## Task data
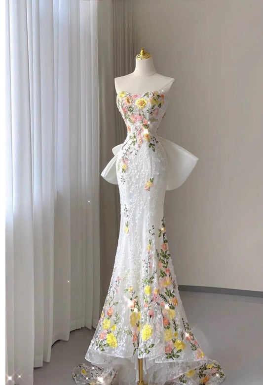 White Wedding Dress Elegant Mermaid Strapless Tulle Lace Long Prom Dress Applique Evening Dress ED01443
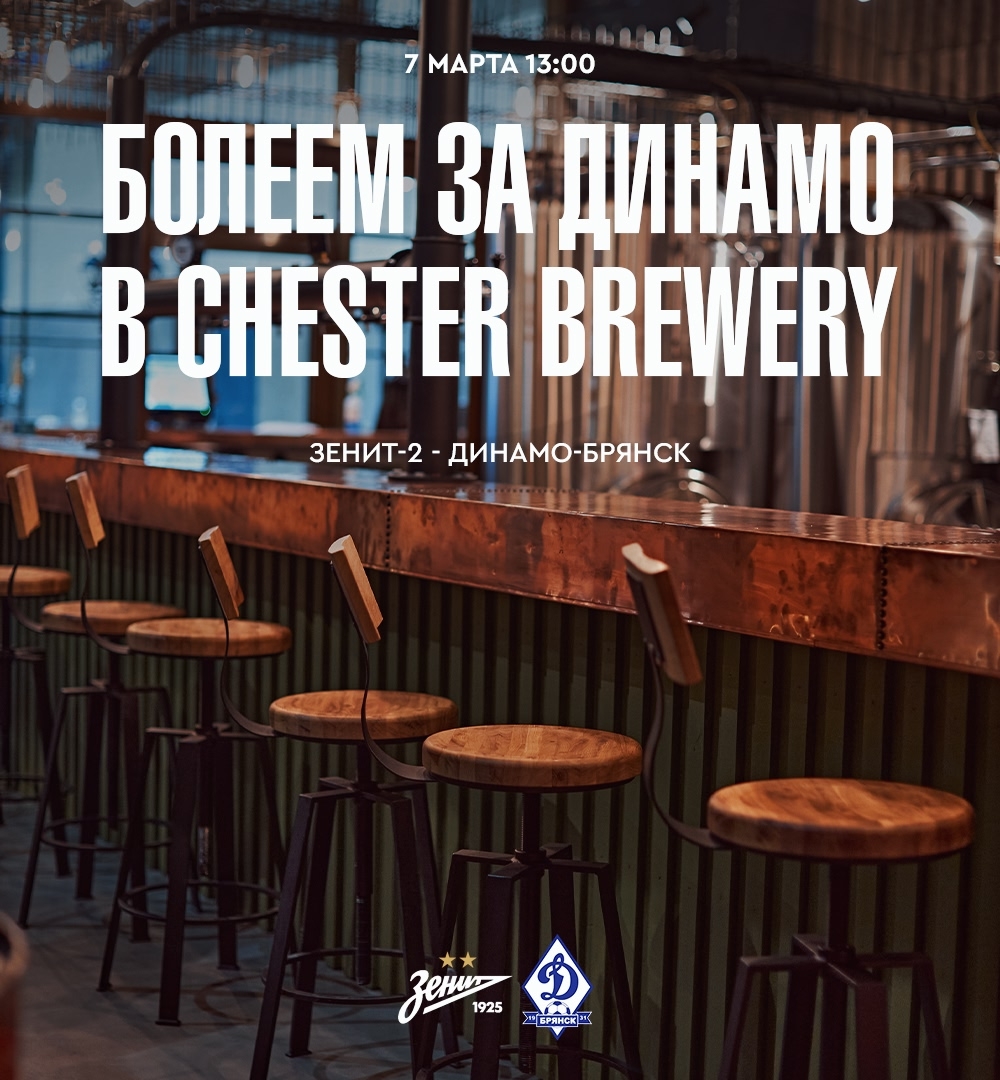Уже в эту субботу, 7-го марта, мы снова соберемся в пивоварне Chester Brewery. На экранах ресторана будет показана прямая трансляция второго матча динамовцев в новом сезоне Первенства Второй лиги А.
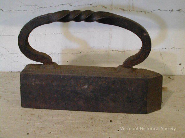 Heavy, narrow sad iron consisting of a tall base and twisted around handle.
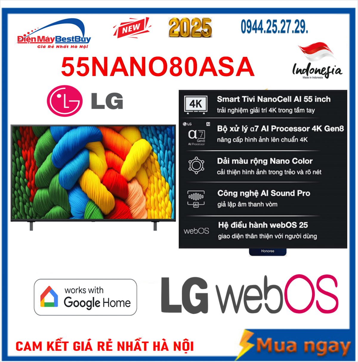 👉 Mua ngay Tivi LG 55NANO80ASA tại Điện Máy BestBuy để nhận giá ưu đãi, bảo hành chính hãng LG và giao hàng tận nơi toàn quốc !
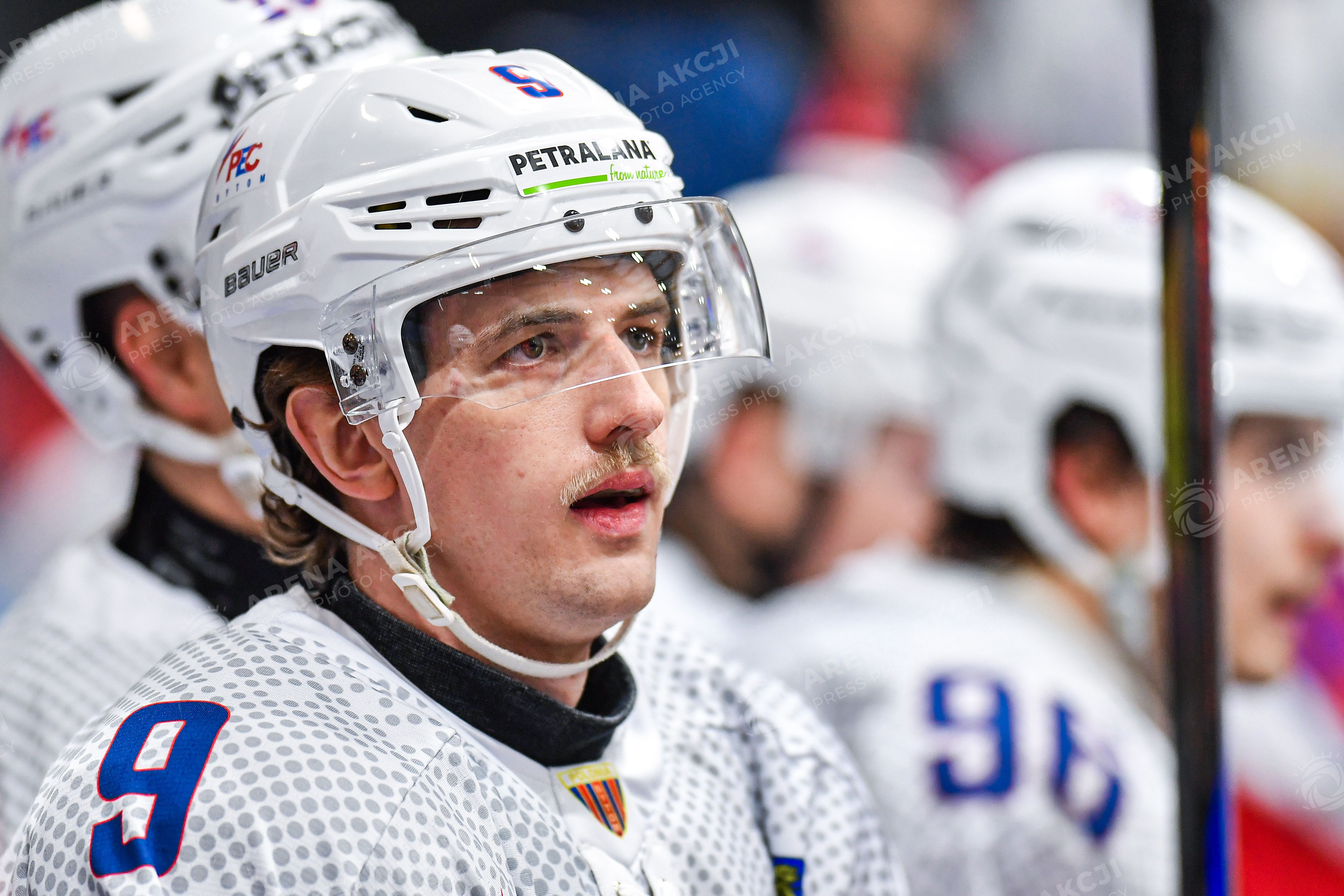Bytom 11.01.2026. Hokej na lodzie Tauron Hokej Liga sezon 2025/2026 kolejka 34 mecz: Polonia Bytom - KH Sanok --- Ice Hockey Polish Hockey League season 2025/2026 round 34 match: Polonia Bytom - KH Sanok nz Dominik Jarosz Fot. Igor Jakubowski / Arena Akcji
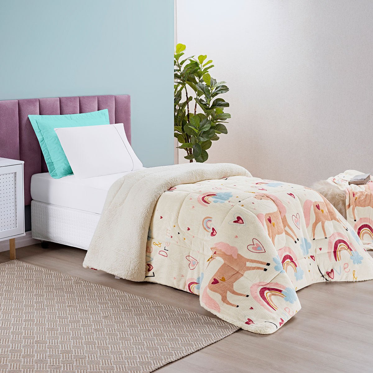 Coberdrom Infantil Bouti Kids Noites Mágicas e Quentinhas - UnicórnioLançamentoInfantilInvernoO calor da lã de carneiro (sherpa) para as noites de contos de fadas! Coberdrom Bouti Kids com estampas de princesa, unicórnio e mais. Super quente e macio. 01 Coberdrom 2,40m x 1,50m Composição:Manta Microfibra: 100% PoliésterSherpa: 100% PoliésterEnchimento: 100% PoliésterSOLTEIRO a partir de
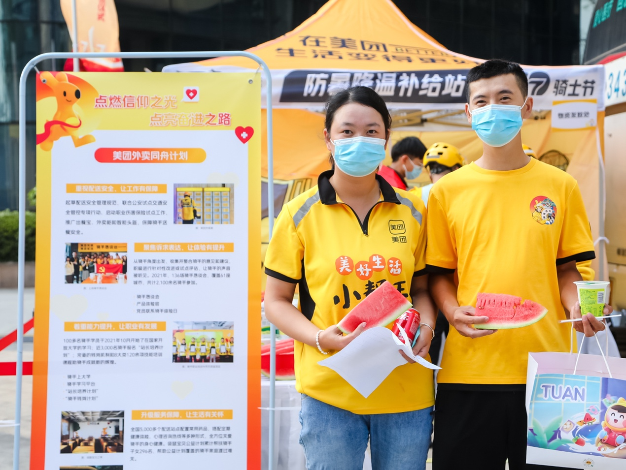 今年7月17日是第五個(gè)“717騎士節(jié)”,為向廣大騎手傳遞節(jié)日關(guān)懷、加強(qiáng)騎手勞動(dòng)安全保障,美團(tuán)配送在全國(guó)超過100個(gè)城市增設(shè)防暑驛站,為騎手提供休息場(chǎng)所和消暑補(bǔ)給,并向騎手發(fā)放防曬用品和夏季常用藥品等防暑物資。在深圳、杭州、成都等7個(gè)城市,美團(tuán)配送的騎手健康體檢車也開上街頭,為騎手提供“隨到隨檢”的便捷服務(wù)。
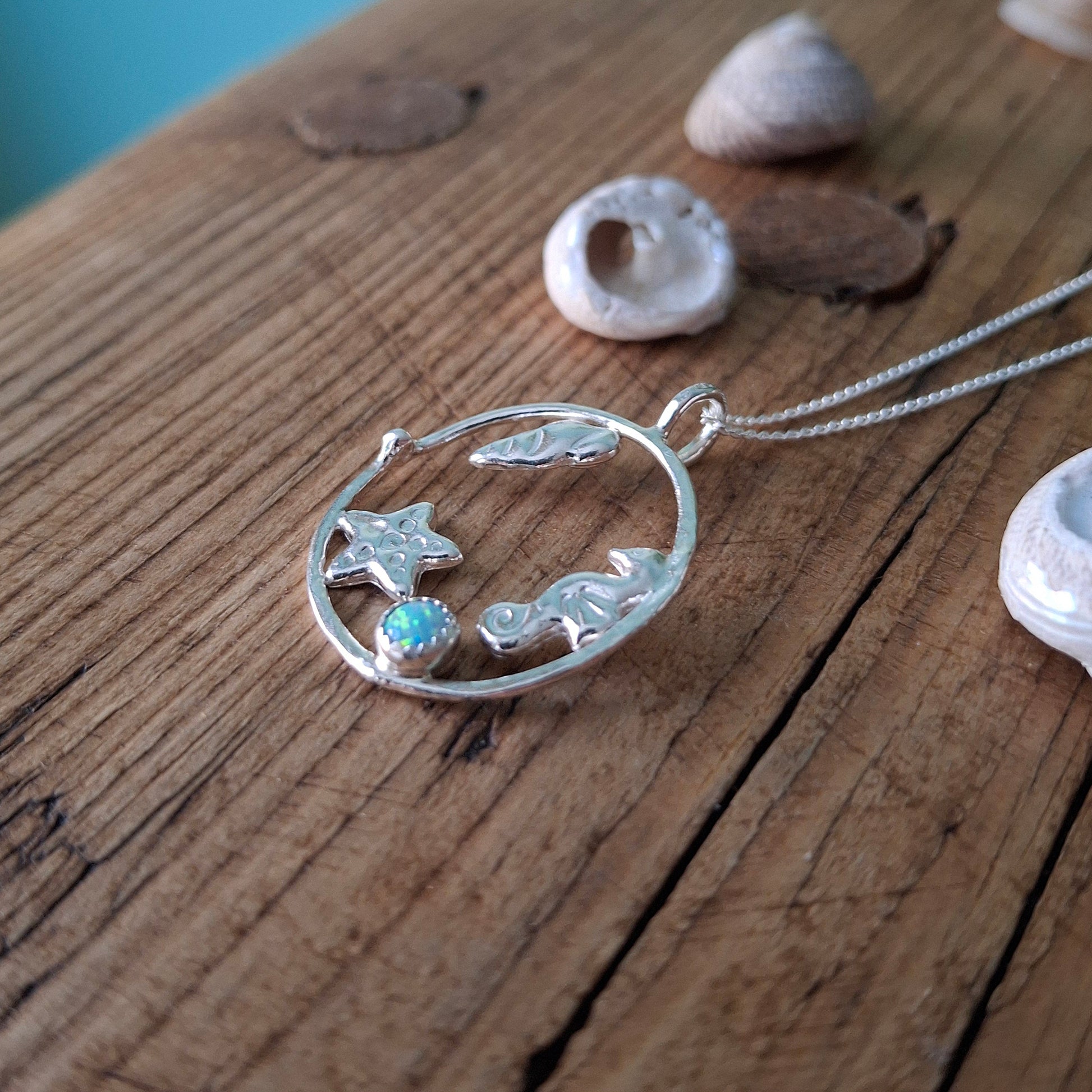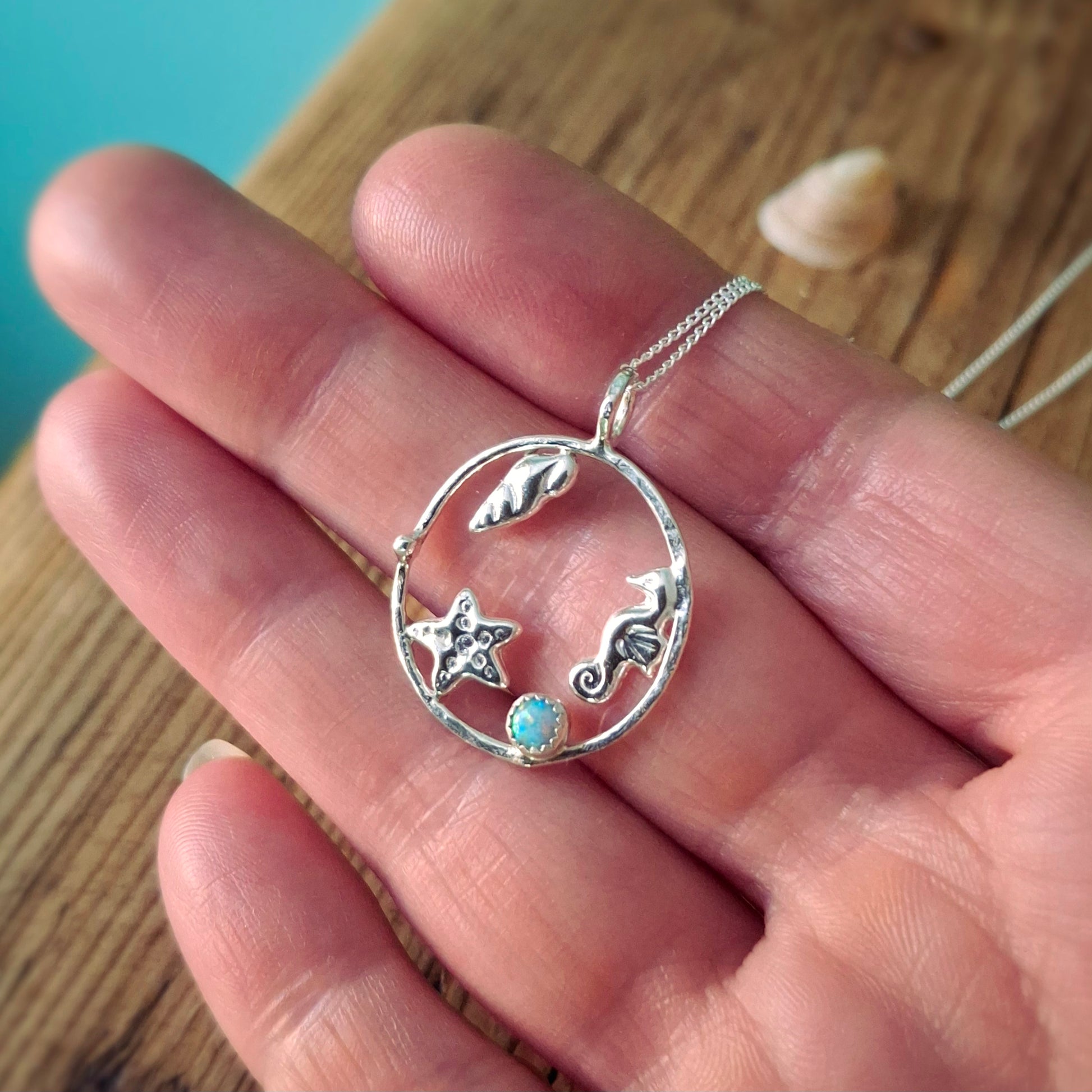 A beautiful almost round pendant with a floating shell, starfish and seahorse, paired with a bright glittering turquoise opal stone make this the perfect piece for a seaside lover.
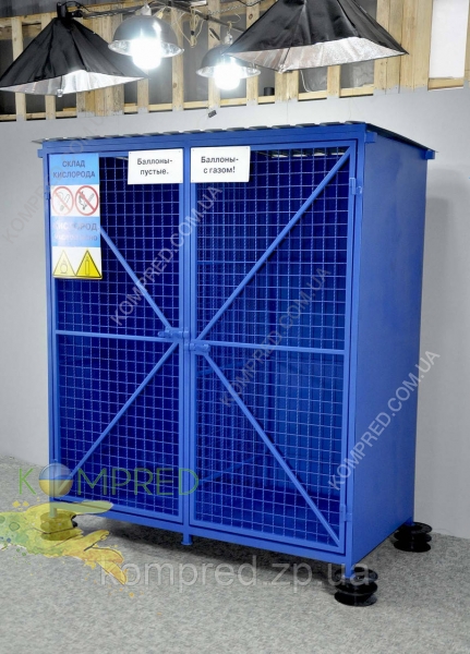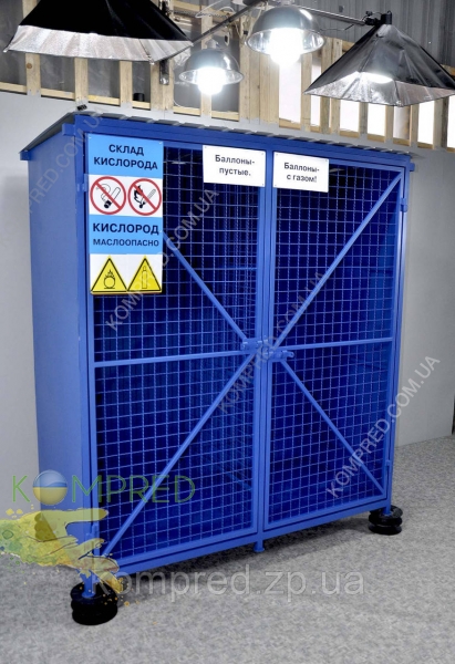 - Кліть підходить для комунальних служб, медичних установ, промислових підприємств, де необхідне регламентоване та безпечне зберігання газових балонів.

## Task description
Everything from the first line of the entries above through the line with "Bytom 11.01.2026. Hokej" should be duplicated exactly, except the pictures.

## Output of the task
 White Wedding Dress Elegant Mermaid Strapless Tulle Lace Long Prom Dress Applique Evening Dress ED01443
Уже в эту субботу, 7-го марта, мы снова соберемся в пивоварне Chester Brewery. На экранах ресторана будет показана прямая трансляция второго матча динамовцев в новом сезоне Первенства Второй лиги А.
 Heavy, narrow sad iron consisting of a tall base and twisted around handle.
 👉 Mua ngay Tivi LG 55NANO80ASA tại Điện Máy BestBuy để nhận giá ưu đãi, bảo hành chính hãng LG và giao hàng tận nơi toàn quốc !
Bytom 11.01.2026. Hokej na lodzie Tauron Hokej Liga sezon 2025/2026 kolejka 34 mecz: Polonia Bytom - KH Sanok --- Ice Hockey Polish Hockey League season 2025/2026 round 34 match: Polonia Bytom - KH Sanok nz Dominik Jarosz Fot. Igor Jakubowski / Arena Akcji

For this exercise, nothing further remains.